Corruption flourishes when a sense of entitlement creeps in. It is moral psychology at work – as human beings we often ‘rationally-lie’ to ourselves about our own behaviours and then explain away what we did as the right post-fact. Making leaders moral is reliant on ensuring everything around them facilitates them to act with integrity, so they do not rationally-lie.

4. Avoid minimum standards approaches

In this respect, one of the greatest traps in pursuing integrity is the snake and ladders type game of ‘crossing the line’. Usually known as minimum standards approach, this is just an invitation for the well-practised game of ‘almost’ crossing the line. Like one famous episode of Yes Prime Minister, the jug can’t be worth more than 50 Euros, so it is valued at 49.95.

Away from sport, the Catholic Church in Australia historically resisted the option of mandatory reporting to police of those members of its clergy reported to have abused children. Better to stay with the lesser standard of church law and deal in-house. A recent Royal Commission into Sexual Abuse by Religious Authoritiesfound that Australia has the highest rate of sexual abuse of children in the world.
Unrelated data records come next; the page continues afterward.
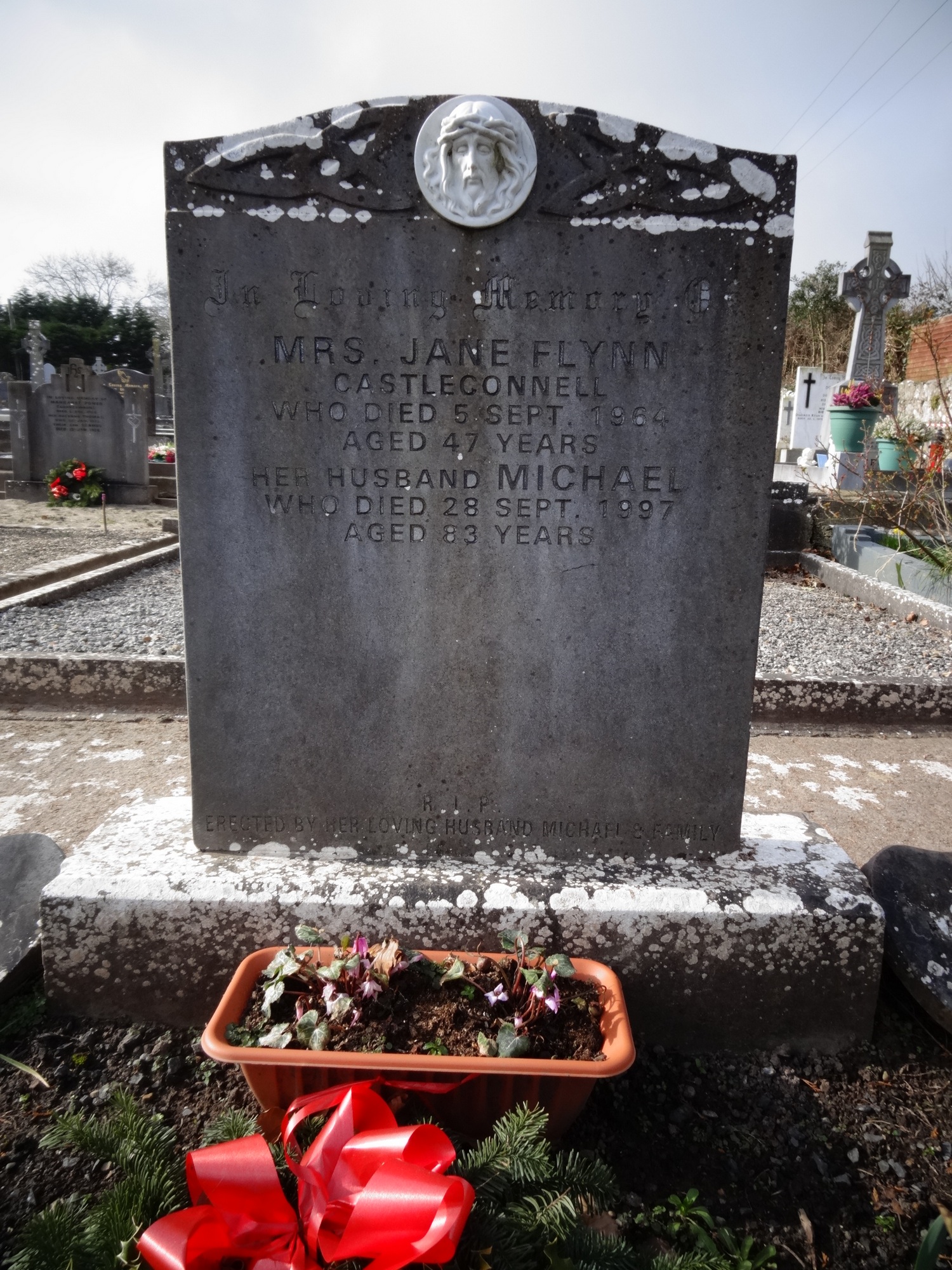 In loving memory of Mrs. Jane Flynn Castleconnell who died 5 Sept 1964 aged 47 years her husband Michael who died 28 Sept. 1997 aged 83 years
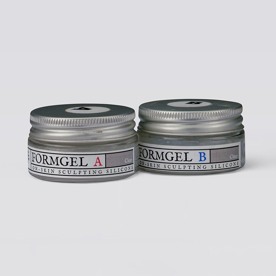 FormGel Clear /50 gram - FormGel is een unieke tweecomponenten siliconen voor make-up effecten op de huid. Het is een dikke pasta die gemakkelijk op de huid kan worden gemengd en gemodelleerd. Het is translucent en kan gemakkelijk met (silicone) pigmenten intrensiek (van binnen uit) worden gekleurd. Verschillende soorten make-up kunnen worden gebruikt om de gedroogde FormGel met na te kleuren. 25 gram een component en 25 gram b component.
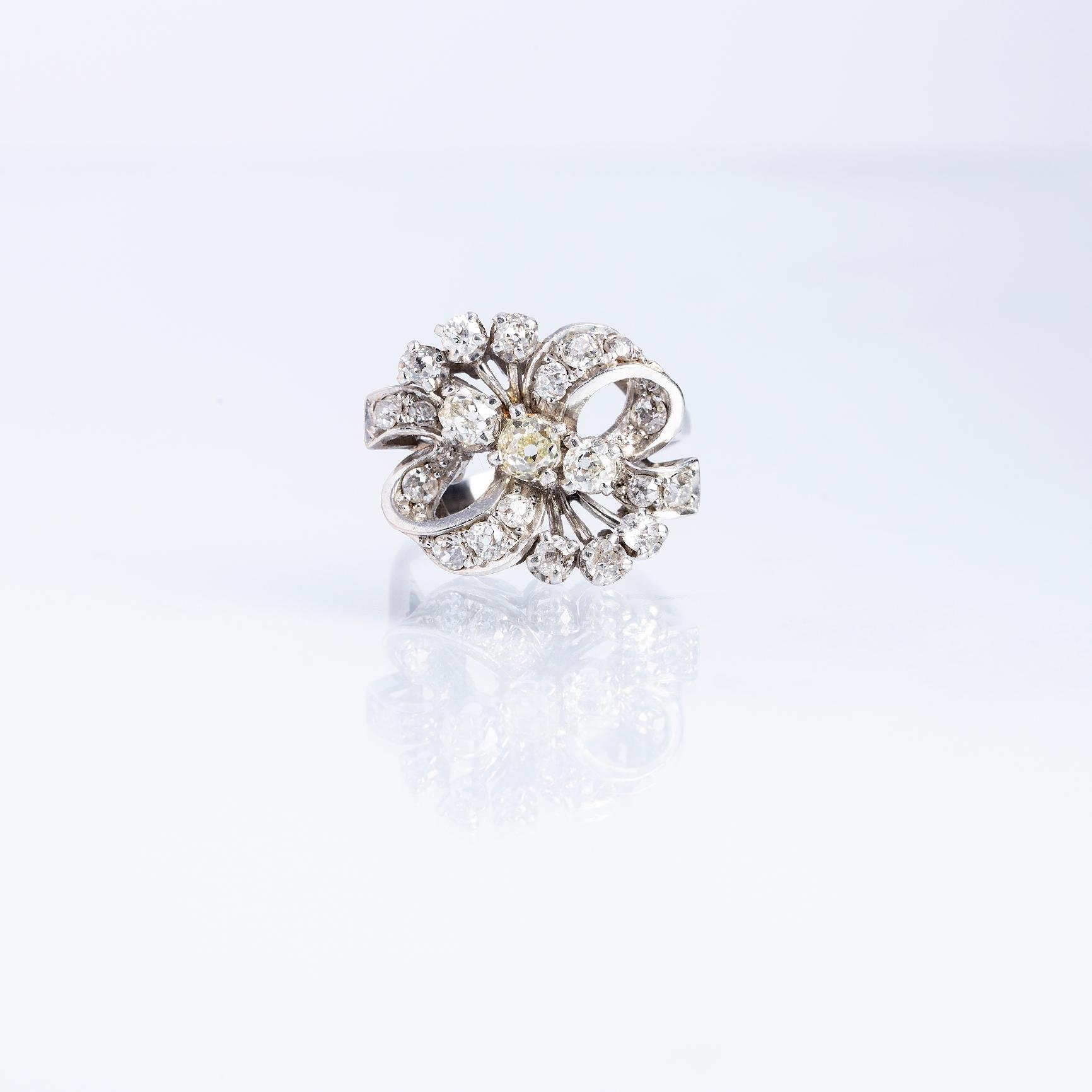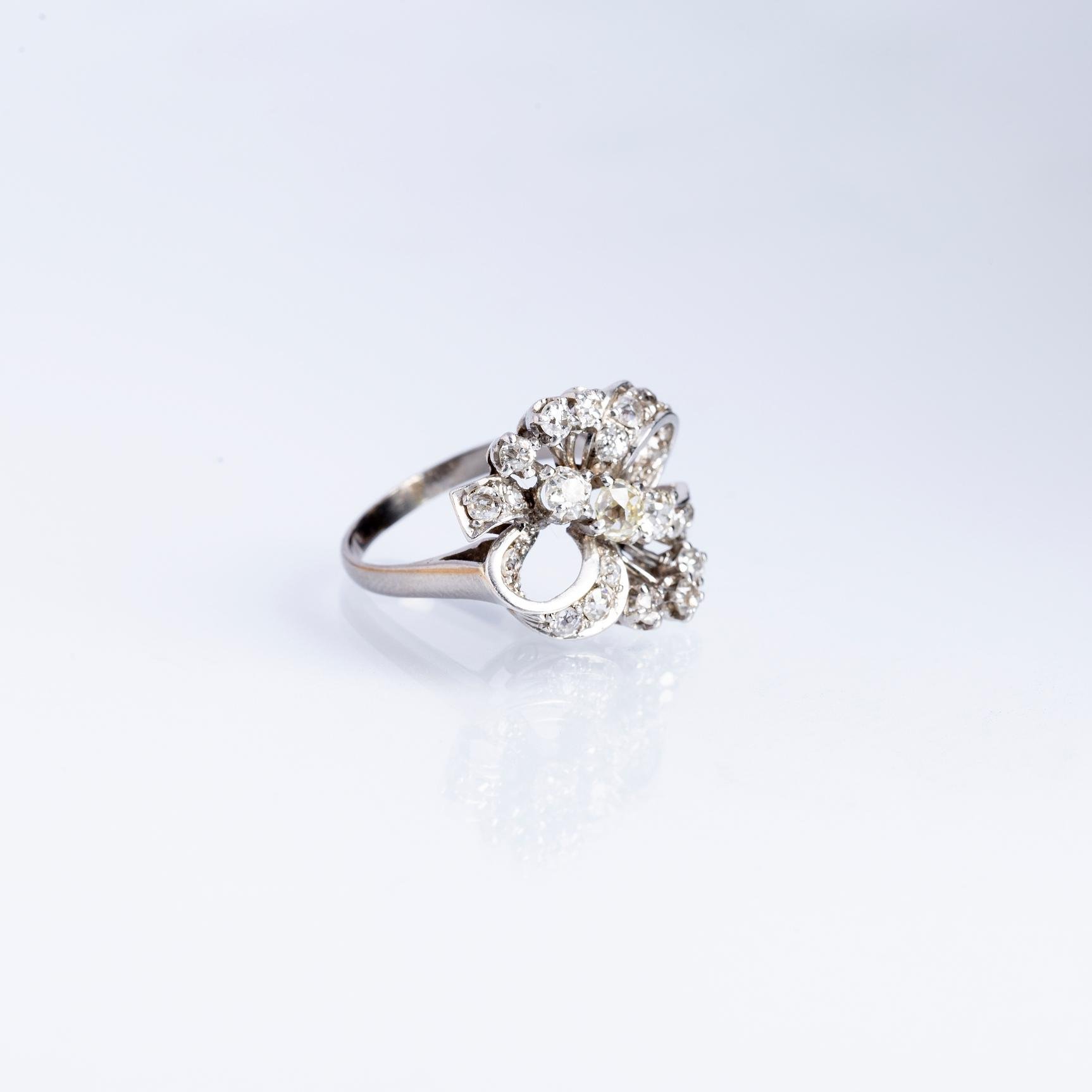 Anillo en oro 18 K blanco esculturado en forma de moño con veintitrés pequeños diamantes talla brillante. Diámetro interno 18 mm. Peso bruto 7,3 gr.
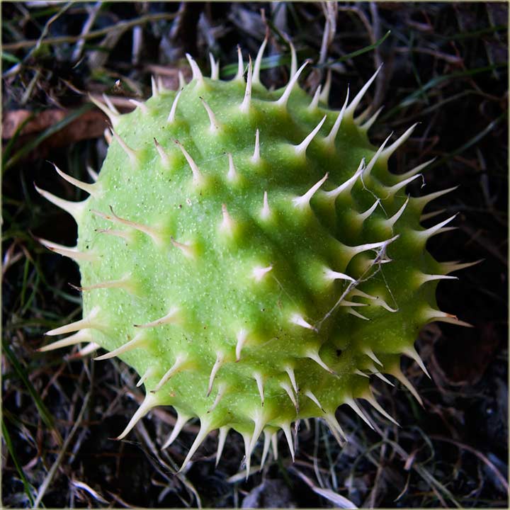 Plod "divijog" kestena je već "naoružat" i preti "sas" bodljama, ako nekom padne "sDrveta" na ćélu il' razdeljak...
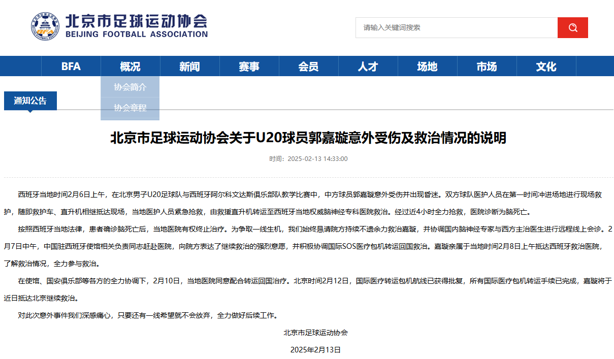 圖片來源:“北京市足球運動協會”官網截圖 北京市足球運動協會13日通報,西班牙當地時間6日上午,在北京男子U20足球隊與西班牙阿爾科文達斯俱樂部隊教學比賽中,中方球員郭嘉璇意外受傷並出現昏迷。雙方球隊醫護人員在第一時間衝進場地進行現場救護,隨即救護車、直升機相繼抵達現場,當地醫護人員緊急搶救,由救援直升機轉運至西班牙當地權威腦神經專科醫院救治。經過近4小時全力搶救,醫院診斷為腦死亡。 按照西班牙當地法律,患者確診腦死亡後,當地醫院有權終止治療。中方始終懇請院方持續不遺餘力救治郭嘉璇,並協調中國國內腦神經專家與西方主治醫生進行遠程線上會診。7日中午,中國駐西班牙使館相關負責人趕赴醫院,向院方表達了繼續救治的強烈意願,並積極協調國際S0S醫療包機轉運回國救治。郭嘉璇親屬於當地時間8日上午抵達西班牙救治醫院,了解救治情況,全力參與救治。 在中使館、北京國安足球俱樂部等各方的全力協調下,10日,西班牙當地醫院同意配合轉運回國治療。北京時間12日,國際醫療轉運包機航線已獲得批覆,所有國際醫療包機轉運手續已完成,郭嘉璇將於近日抵達北京繼續救治。 公開信息顯示,郭嘉璇生於2006年3月,2023年入選中國U17國家男子足球隊第二期集訓名單。2023年6月,他成功入選拜仁世界隊名單,是本屆唯一入選的中國球員。(完) 【編輯:林曉惠】
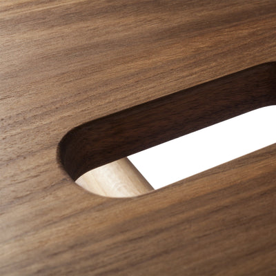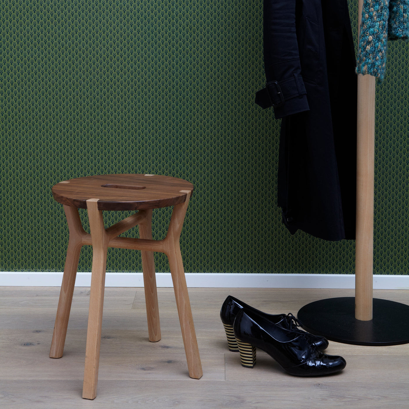 Affi is a stool that was designed by Giulio Iacchetti and comes in solid walnut or beech wood. It features a circular top with a slight opening in the middle, four legs, and a decorative criss-cross wood section under the seat.
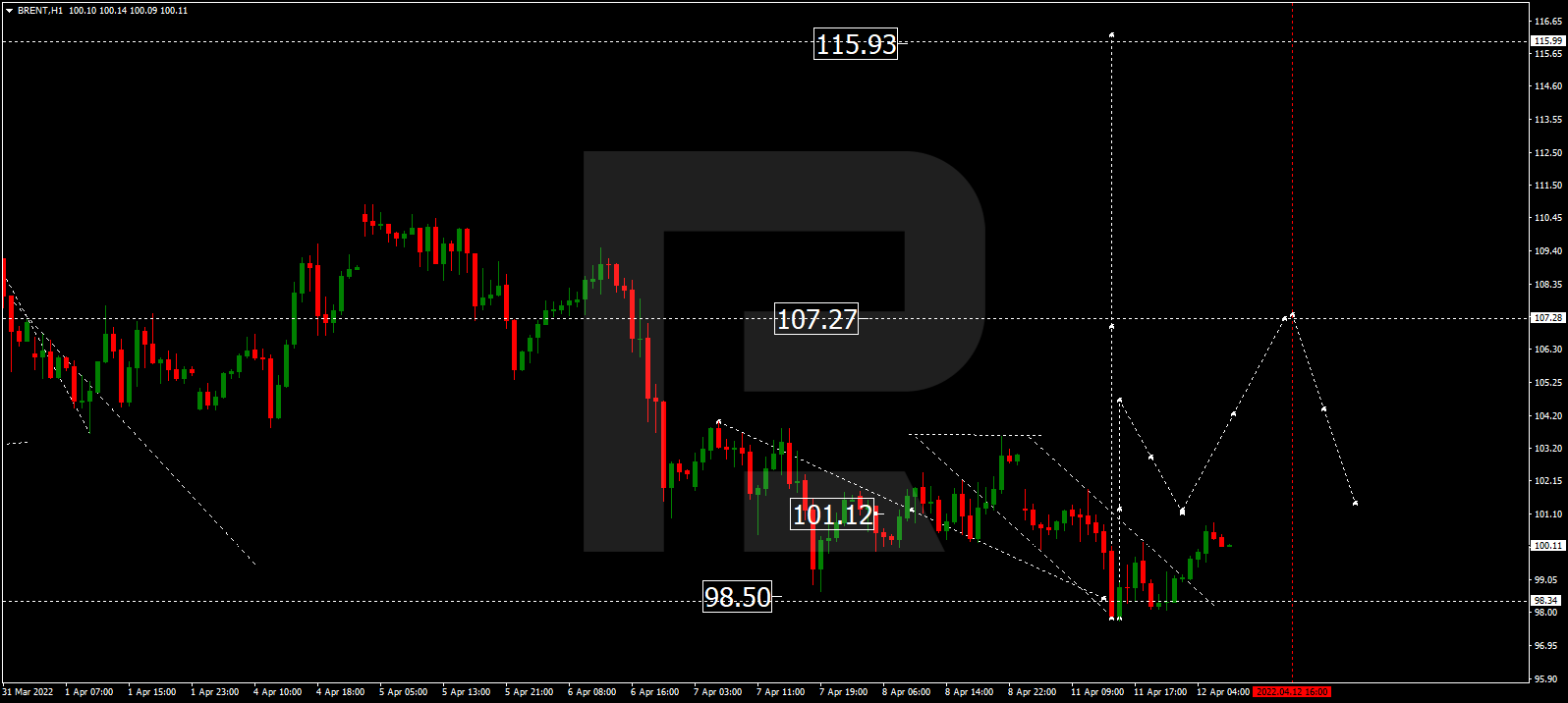 Brent is consolidating above 98.30. Possibly, today the asset may break the range upwards and form one more ascending structure to break 104.30. Later, the market may continue moving within the uptrend with the first target at 107.30.

The Commission found that since 1950 religious orders had as many as 40 percent of its members involved in paedophile activities.

Minimum standards can lead to maximum damage, especially when public officials accept the same low bar.

5. Make integrity live and real

Pursuing integrity must be done actively. A previous Head of the Department of Education in the state of Victoria in Australia devised a scheme that involved an intricate system of pooled finance across clusters of schools who in each case had relatives looking after the books. The scheme ultimately enabled systemic fraud. While compliance can be part of the answer, it can also breed the virus of passivity that when the systems are fixed, all will be fine.

Focussing on integrity violations belies developing rituals and conversations about ‘values-issues’, a concept borrowed from the safety culture of mines. Members of organisations who have dilemmas or a sense of unease must be able to raise them in their team. Such moves enable individuals to keep the moral compass alive and to help an organisation grapple with what the right thing to do is. Importantly such devices keep an institution true to achieving its purpose through legitimate means.

After all, isn’t that what all those letter writers really want – to watch a cricket game played with integrity and, a lathe Barmy Army, sing and drink the day away, hoping above all else to beat those Australians in a game that is fun and fair!

 

Peter Collins is the Director of the Centre for Ethical Leadership based at Ormond College at the University of Melbourne.

 

*The views and opinions expressed in this article are those of the authors and do not necessarily reflect the positions of the Building Integrity Programme.